Summer Programs in Israel Bring New Understanding

Summer Programs in Israel Bring New Understanding

Izzy Friedland

To many students, a trip to Israel largely consists of squeezing through markets packed as tightly as falafel, enough tear-shed to dilute the Dead Sea, and family quarrels so intense they redefine the term “Six-Day War.”

Some students, however, visit Israel through programs such as BBYO or Nesiya, transforming the trip from a mere family vacation into a more intense, even enlightening experience.

Junior Joseph Gelula is one such student.

Gelula, a member of international zionist youth movement called Habonim Dror, spent five weeks in Israel this summer with several dozen other teens, courtesy of Mechaneh Bonim B’Israel (MBI), a summer program run by the movement.

Gelula was introduced to Habonim Dror through Camp Moshava, one of the movement’s seven summer camps in North America. The camps, modeled after Kibbutzim, educate campers about issues of social justice such as Palestinian-Israeli relations and more universal, secular matters such as gender roles and white privilege.

Though MBI is on its face an educational program meant to explore Israeli culture, Gelula said it also is very centered around establishing a personal connection with the country.

“It was a very educational and politically-minded trip,” Gelula said, “But it was also a very life-changing experience.”

The program had all the earmarks of the classic summer Israeli trip— a visit to the Western Wall, hiking up Masada in the Negev, sailing rafts along the Kinneret—but these were not the things that left the biggest impacts on Gelula.

Rather, it was the discussions he and the other teens on MBI had about the Palestinian-Israeli conflict.

He came away from the trip with a fresh perspective of the country and the complicated political climate that surrounds it—primarily concerning who the “Promised Land” is promised to.

Gelula, having previously held what he described as a “black and white” view of the conflict, found himself reevaluating some of his long-lived ideas during his experience.
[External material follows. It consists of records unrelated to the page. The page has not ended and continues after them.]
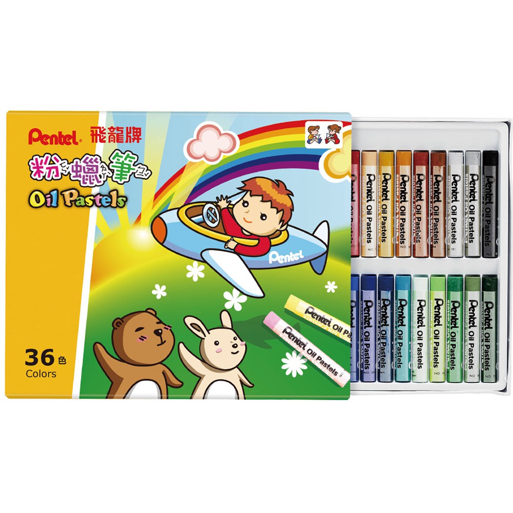 飛龍Pentel 粉蠟筆 安全認證兒童繪畫用蠟筆 繪圖畫畫筆 彩鮮明質地柔細 16色/25色/36色|史泰博EZ購
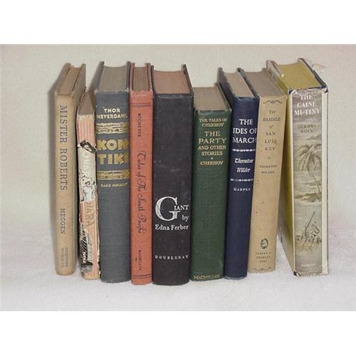 Nine assorted novels including: The Brigde of San Luis Rey, Thorton Wilder 1928. The Caine Mutiny, Herman Wouk Book Club Edition. The Ides of March, Thorton Wilder 1948. The Party and other short stories, Anton Chekhov, 1921, From the Russian by Constance Garnett. Giant, by Edna Ferber,1952. Tales of the South Pacific, James A. Michener, 1947, Third printing. Kon-Tiki, Thor Heyerdahl, 1950. Sayonara, James A. Michener, 1954, Special edition for sale in Japan Okinawa & Korea only. Mister Roberts, By Thomas Heggen 1946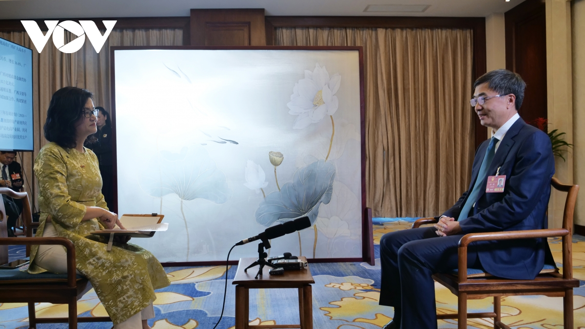 Bí thư Đảng ủy Khu tự trị dân tộc Choang Quảng Tây Trần Cương trả lời phỏng vấn của VOV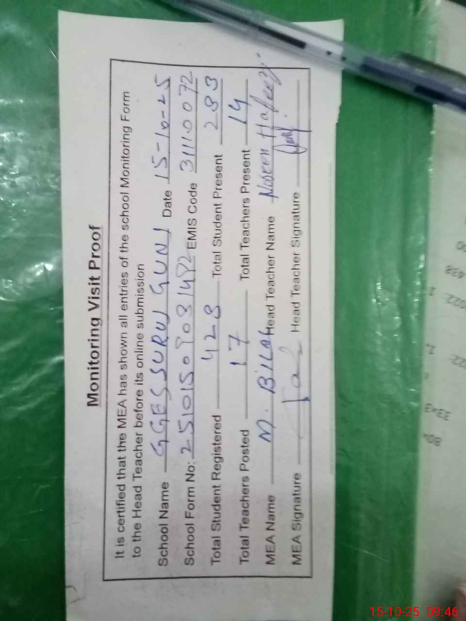 | EMIS Code: 31110072 | Name of School: GGES SURUJ GUNJ | |||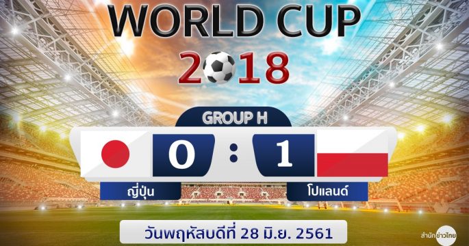 ฟุตบอลโลก รอบแบ่งกลุ่ม นัดสุดท้าย กลุ่มเอช ญี่ปุ่น แพ้ โปแลนด์ 0-1 แต่ญี่ปุ่นยังสามารถเข้ารอบ 16 ทีมสุดท้ายได้ ในอันดับสองของกลุ่ม มี 4 คะแนนเท่าเซเนกัล ลูกได้เสียเท่ากัน แต่เข้ารอบเพราะโดนใบเหลืองน้อยกว่า โดยเข้าไปรอพบแชมป์กลุ่มจี ระหว่าง อังกฤษ และเบลเยียม ที่จะแข่งขันคู่ดึก เวลา 01.00 น. ส่วนโปแลนด์ มี 3 คะแนน ตกรอบ

He said that he realized he had become “more compassionate and understanding towards… everybody in the conflict” as a result of the trip.

Though amazed by cities like Jaffa and Tsefat, Gelula lamented that a country “that could be an example to the world” is so hampered and disfigured by internal and external conflicts, which he refers to as “growing pains.”
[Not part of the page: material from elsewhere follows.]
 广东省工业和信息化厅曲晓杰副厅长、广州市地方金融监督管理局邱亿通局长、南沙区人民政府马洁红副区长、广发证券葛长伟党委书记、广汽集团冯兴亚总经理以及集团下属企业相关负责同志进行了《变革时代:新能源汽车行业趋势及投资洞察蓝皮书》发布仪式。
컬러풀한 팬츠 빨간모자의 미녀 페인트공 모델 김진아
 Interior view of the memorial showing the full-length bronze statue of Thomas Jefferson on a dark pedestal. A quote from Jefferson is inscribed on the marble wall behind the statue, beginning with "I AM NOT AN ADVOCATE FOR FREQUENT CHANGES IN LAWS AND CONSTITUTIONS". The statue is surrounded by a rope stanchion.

One such “growing pain” is the conflict between religious and secular beliefs in Israeli society, and the lack of co-existence between the two.

“Israel is a place that has so much beauty and amazingness to offer the world, but is struggling to do that,” Gelula said.

Still, despite this realization, or perhaps because of it, Israel looms larger in Gelula’s thoughts than ever before.

“If I hadn’t gone, I would have still seen Israel as this far off place that has a lot to do with my ideology,” Gelula said. “Now it’s a place that I see has this amazing personality … and now, having seen that and understood that, I have a lot more of a loving connection to Israel than I did before.”